Recapping 2017: numbers and implications

  • Annual GDP growth in France saw an upward revision to 2% in 2017, over-shooting the Bank of France’s expectations of 1.7% growth, as the economy grew the fastest in the fourth quarter – driven primarily by investment whose contribution to the GDP at 1% overshadowed consumption for the first time since 2013. The year also recorded the highest GDP growth in the past six years. However, accelerated inflation accompanied the economy at 1.2% YoY, up from 0.2% YoY last year – primarily responsible for the lower household consumption.
  • Total investment grew sharply in 2017 at 3.7% after 2.7% in 2016, while consumption slowed down to 1.2% YoY growth. Exports considerably accelerated as well, with 3.5% growth after 1.9% in 2016, but imports progressed at virtually the same pace in 2017 at 4.2% growth. As a consequence, the contribution of trade balance to the GDP rose slightly last year.
  • Although exports growth was significant, the economy has not surprised us (yet) on the competitiveness front. France is currently running a large negative trade balance that has widened significantly since 2003. The current account balance has been falling overall although it did pick up slightly towards the end of 2017Q3. FDI exhibits a similar trend. However, in terms of cost competitiveness, France improved its performance in 2017 – the increase in unit labour costs was slower than that of Germany, and the EU average for all four quarters.
  • On a positive note, France’s budget deficit fell to 2.6% of the GDP in 2017, respecting the EU 3% target for the first time in a decade, triggered by sharper revenue growth of 4% and expenditure growth of 2.5%. Currently, France along with Spain are the only Eurozone countries under the EU’s excess deficit procedure, and to be given an “all-clear” signal by the EU Commission, France must maintain its deficit under 3% for another year. However, gross debt at 97% of the GDP is at an all-time high.

What lies ahead our view

  • After a significant acceleration in 2017, in our view, economic activity should continue to grow at a similar robust pace in 2018, maintaining its 2% growth – favoured by rising profits and growing inventories. Economic sentiment continues to improve, with most confidence indicators approaching, or even exceeding their pre-crisis levels. Hiring appetite continues to rise as well, with strong readings for production surveys in industrial, construction and manufacturing sectors.
  • Investment has performed remarkably well this year after several years of contraction, and we expect the effect to carry-on to 2018 – mainly contributed by  rising corporate investment thanks to the Macron reforms, thereby incentivising firms to invest. Share of firms producing at maximum capacity at 37% is the highest since 1999. Household investment is likely to be spurred by falling interest rates as well.

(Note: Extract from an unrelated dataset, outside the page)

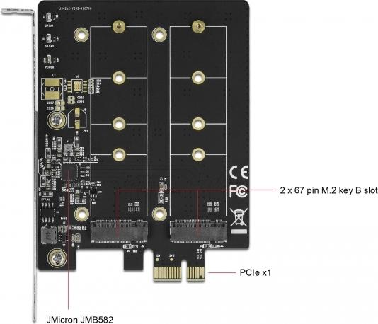 Diese PCI Express Karte von Delock erweitert den PC um zwei M.2 Slots. An die Karte können bis zu zwei M.2 SATA Module im 2280, 2260, 2242, 2230 Format angeschlossen werden. Mit Hilfe des großen Kühlkörpers wird eine ausreichende Kühlung der M.2 Module gewährleistet.

However, we expect GDP growth to moderate slightly in 2019 at 1.8% as the effects of Euro appreciation would gradually be realised – weakening the demand for French exports and thereby, neutralising the contribution of external balance on the economy’s growth.

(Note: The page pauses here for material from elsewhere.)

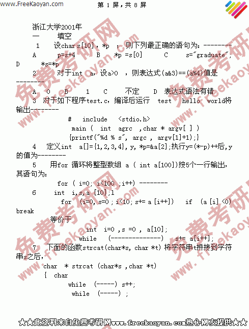浙江大学2001年考研真题-数据结构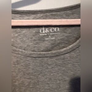 D & co denim + company size large grey top with cutout sleeves.

  • We see inflation at a moderate pace of 1.4% – 1.5% YoY over the next two years, triggered due to higher oil prices. As higher prices eat into purchasing power, household consumption is unlikely to pick up significantly. Rather we expect house savings to rise – in line with the surveys on future savings appetite.

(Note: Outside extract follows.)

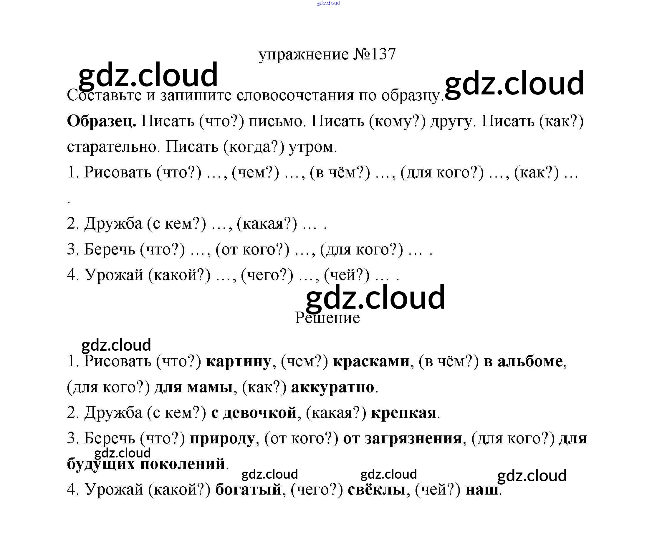 Ответ на задание 137 Учебник Русский язык за 3 (третий) класс Климанова, Бабушкина Перспектива 2019 Часть 1, 2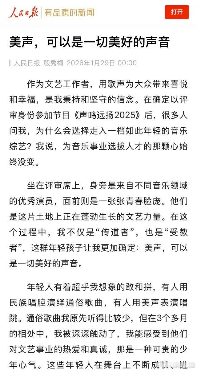 人民日报刊发殷秀梅署名文章声鸣远扬 聆听资深艺术家的音乐心声,人民日报刊发殷秀梅署名文章,她分享担任评审的点滴感悟,坚守人才选拔初心,诠释音乐技术与真诚的完美融合。

  • We also expect reforms to attract a significant FDI this year as they are realised, and the country improves its competitiveness – since prior surveys signalled that the biggest hurdle for business was the overly complicated tax system which has now been completely overhauled.
  • Overall, as the economy expands, we see investment becoming a key driver of growth, over-taking consumption after years: we could call this the “Macron effect”.